# [WHAT YOU HAVE TO DO]
Reproduce exactly, and only, the lines of the material below running from the line bearing "网红时尚薄款冰丝针织上衣女夏宽松阔腿渐变色休闲拖地..." through the line bearing "建议这两个方法别滥用!如果一". Leave any pictures out.

# [MATERIAL PROVIDED]
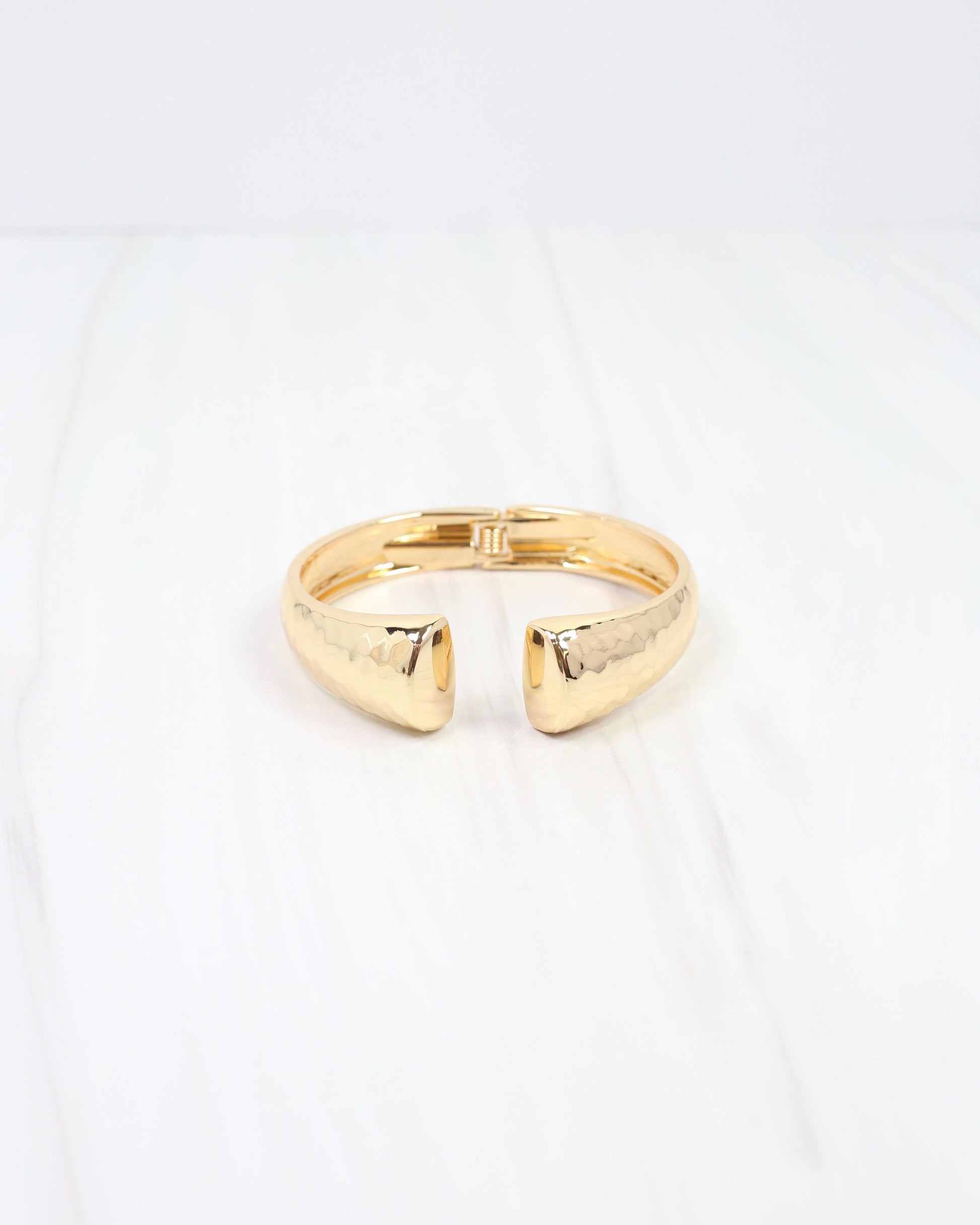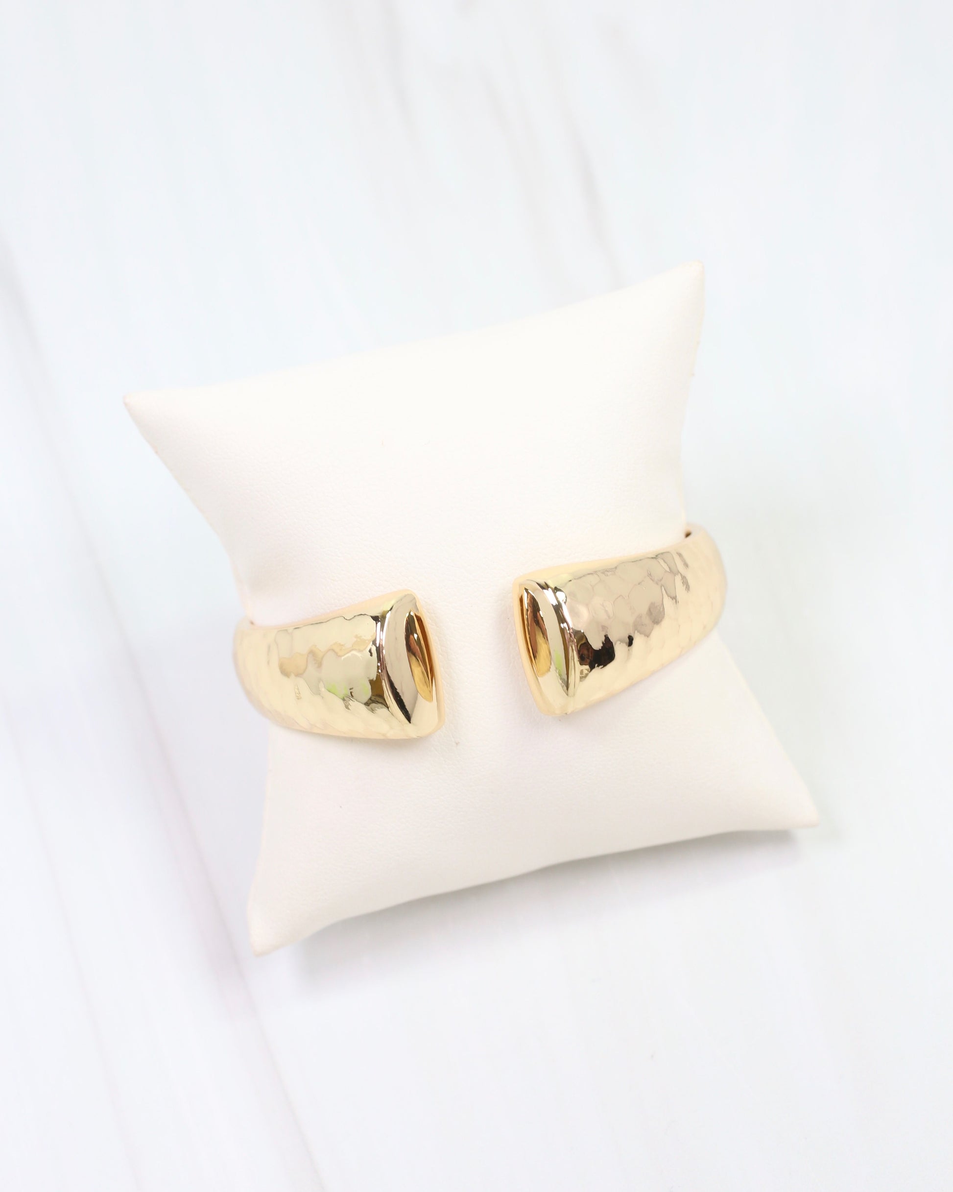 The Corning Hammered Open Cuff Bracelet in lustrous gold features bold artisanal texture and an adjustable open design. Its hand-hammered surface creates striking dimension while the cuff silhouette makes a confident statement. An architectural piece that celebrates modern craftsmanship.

---

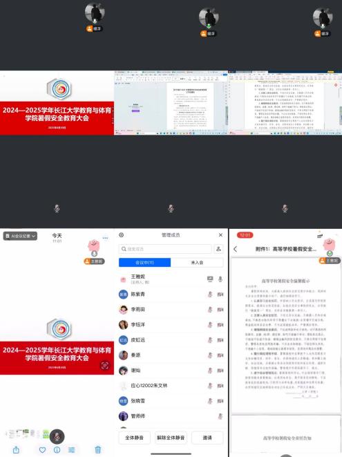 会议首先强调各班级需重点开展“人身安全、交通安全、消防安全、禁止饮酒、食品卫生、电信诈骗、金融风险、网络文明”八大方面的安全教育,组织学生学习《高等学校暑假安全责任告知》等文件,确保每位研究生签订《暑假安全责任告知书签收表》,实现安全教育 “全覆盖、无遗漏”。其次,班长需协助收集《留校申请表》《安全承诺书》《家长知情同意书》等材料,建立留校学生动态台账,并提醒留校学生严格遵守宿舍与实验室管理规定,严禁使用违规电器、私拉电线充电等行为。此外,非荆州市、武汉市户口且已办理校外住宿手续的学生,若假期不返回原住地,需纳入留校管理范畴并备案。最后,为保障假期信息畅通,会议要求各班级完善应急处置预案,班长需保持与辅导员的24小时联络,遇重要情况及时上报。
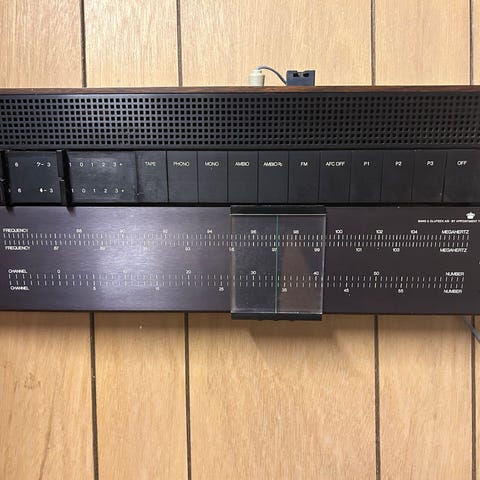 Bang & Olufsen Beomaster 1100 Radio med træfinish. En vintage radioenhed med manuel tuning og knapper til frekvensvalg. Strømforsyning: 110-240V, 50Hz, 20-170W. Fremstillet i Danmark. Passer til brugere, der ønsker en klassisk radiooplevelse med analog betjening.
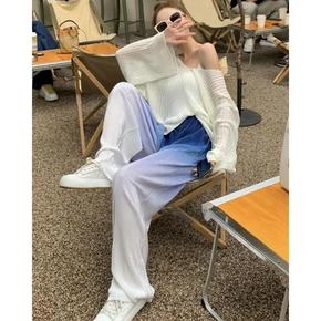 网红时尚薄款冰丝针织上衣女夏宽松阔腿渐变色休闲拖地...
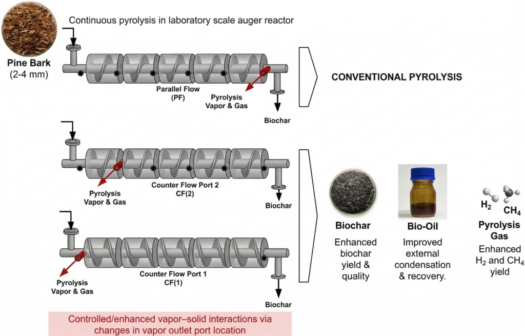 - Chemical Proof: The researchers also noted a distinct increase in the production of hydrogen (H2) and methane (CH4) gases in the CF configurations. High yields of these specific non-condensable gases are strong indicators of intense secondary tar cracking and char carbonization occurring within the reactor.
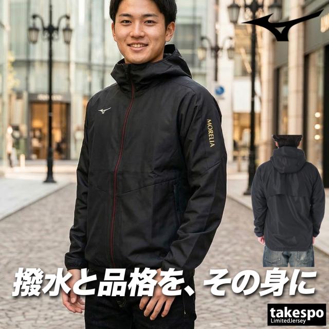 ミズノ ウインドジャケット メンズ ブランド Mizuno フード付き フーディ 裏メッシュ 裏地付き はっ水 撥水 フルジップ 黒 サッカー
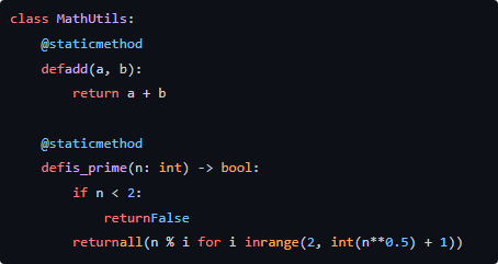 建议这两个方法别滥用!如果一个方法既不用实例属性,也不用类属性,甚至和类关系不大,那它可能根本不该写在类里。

# [RESPONSE]
 网红时尚薄款冰丝针织上衣女夏宽松阔腿渐变色休闲拖地...
 - Chemical Proof: The researchers also noted a distinct increase in the production of hydrogen (H2) and methane (CH4) gases in the CF configurations. High yields of these specific non-condensable gases are strong indicators of intense secondary tar cracking and char carbonization occurring within the reactor.
 ミズノ ウインドジャケット メンズ ブランド Mizuno フード付き フーディ 裏メッシュ 裏地付き はっ水 撥水 フルジップ 黒 サッカー
 建议这两个方法别滥用!如果一个方法既不用实例属性,也不用类属性,甚至和类关系不大,那它可能根本不该写在类里。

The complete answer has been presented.